Well, it's quite true. swish-e IS easy to use, freaking fast, scaleable
to GB-level of indexing, extendable to index anything you can normalise
to HTML via Perl.
The good news aside, I think swish-e needs to continue to move forward
with the utf8 and (date) range support. The mail below only confirms
that swish-e is an international demand, and it is natural to support
content in their local languages.
Is that something we can all look forward to this year? :)
Roy Tennant wrote:
> Forwarded by permission.
> ------ Forwarded Message
> From: Prashant Iyengar <firstname.lastname@example.org>
> Date: Mon, 25 Dec 2006 09:44:02 +0530
> To: <email@example.com>
> Subject: Swish-e
> Dear Mr.
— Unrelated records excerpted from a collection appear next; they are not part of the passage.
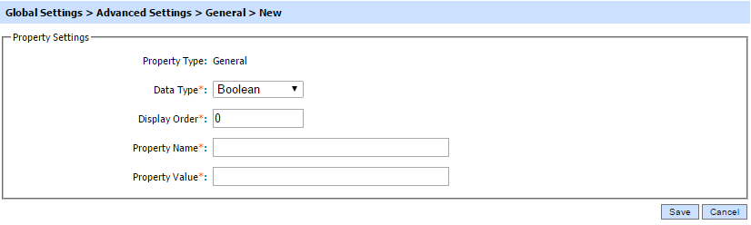 Operator can add custom properties for system, service or other level settings. Clicking on the new button available at the bottom of that particular page will show the following screen:
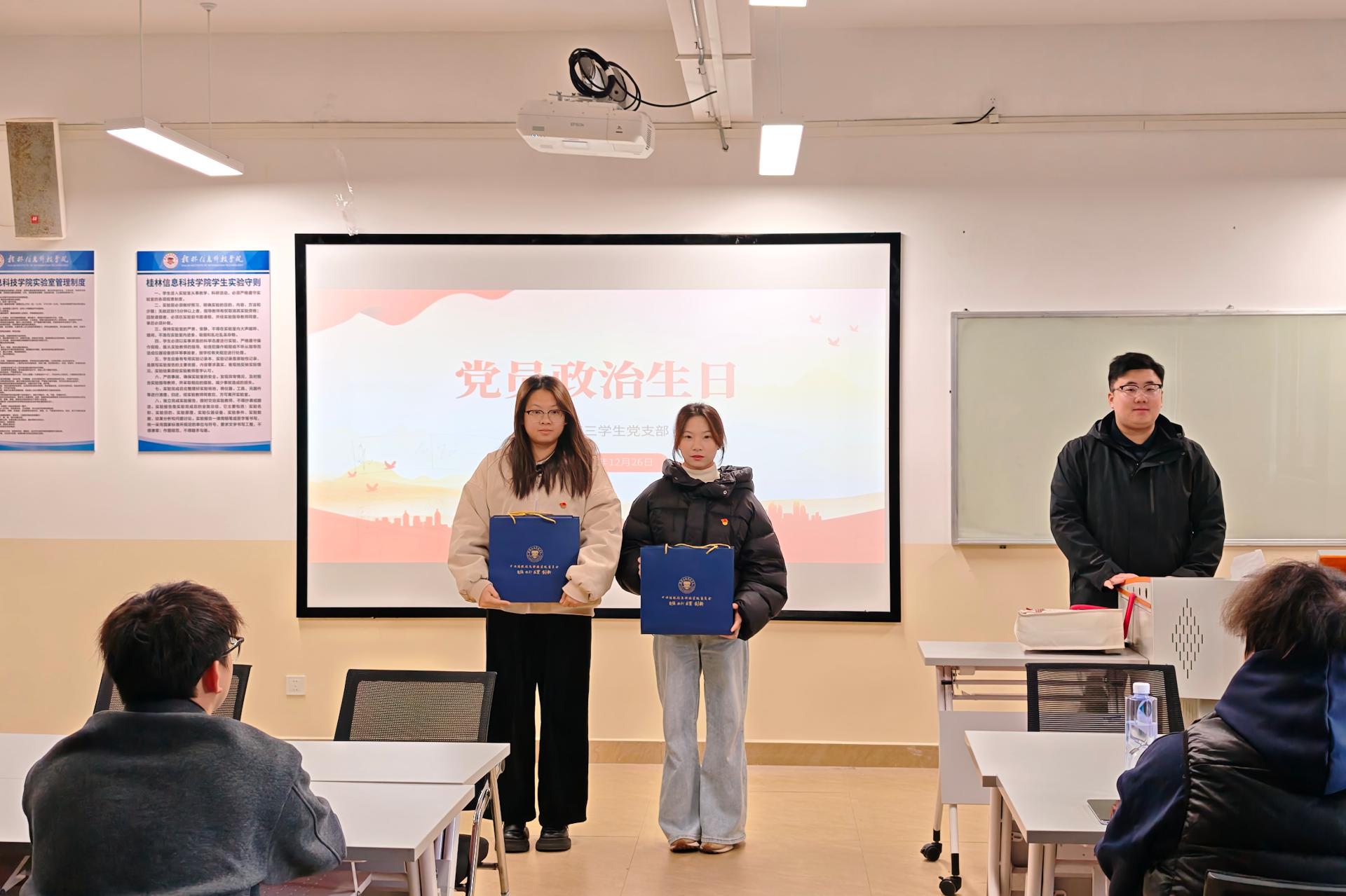活动中,各支部书记为党员送上“政治生日礼包”。其中,党员学习笔记本寓意记录初心轨迹与成长思考,签字笔象征以笔墨践行使命担当,雨伞寄托为师生群众遮风挡雨的服务情怀,充电器则提醒党员常学常新、永葆先进。这份承载组织关怀的礼物,既传递了党组织的温暖,也寄托了对党员的殷切期望。
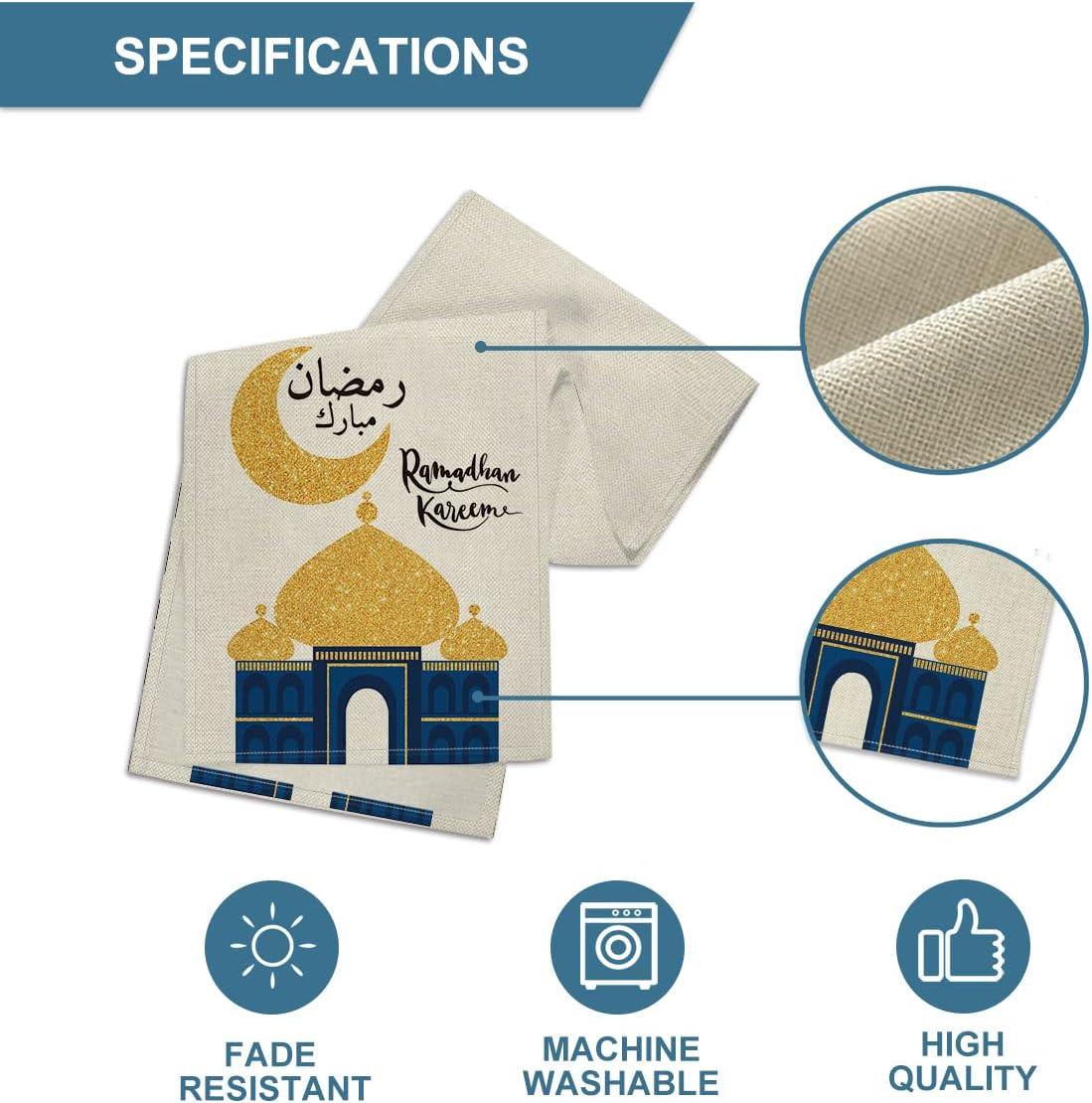 Artoid Mode Ramadan Table Runner, Seasonal Bling Bling Moon and Star Holiday Kitchen Dining Table Runners for Home Party Decor 13 x 60 Inch(Yellow)

Roy Tennant, I am an indpendent researcher in India and
> currently a fellow of the Open Society Institute, Budapest. I've
> recently finished implementing a database website of 22000 Indian
> Supreme Court decisions from 1950 onwards (http://judis.openarchive.in)
> for which I make use Swish-e.
> I'd like to extend my heartfelt thanks to you and your team for
> providing such a fabulous tool for free to the open source community.
> My website certainly would not have been possible but for the Swish-e
> search engine. Being my first such enterprise, I had started off
> building my database without a thought to whether I would be able to
> search such a bulky database quickly and comprehensively. I had rather
> naively assumed that Mysql's fulltext search capabilities would be
> adequate for my purposes. I discovered later, unfortunately, that Mysql
> capitulates under the weight of 22000+ documents with an average size
> of 27kb. Left in the lurch, I tried various other open source search
> engine softwares like Perlfect, htdig etc which either didnt support
> such a voluminous database - taking hours to index- or were difficult
> to install on my webhost. At the point at which I experimented with
> Swish-e, I was all but ready to give up the enterprise as lost.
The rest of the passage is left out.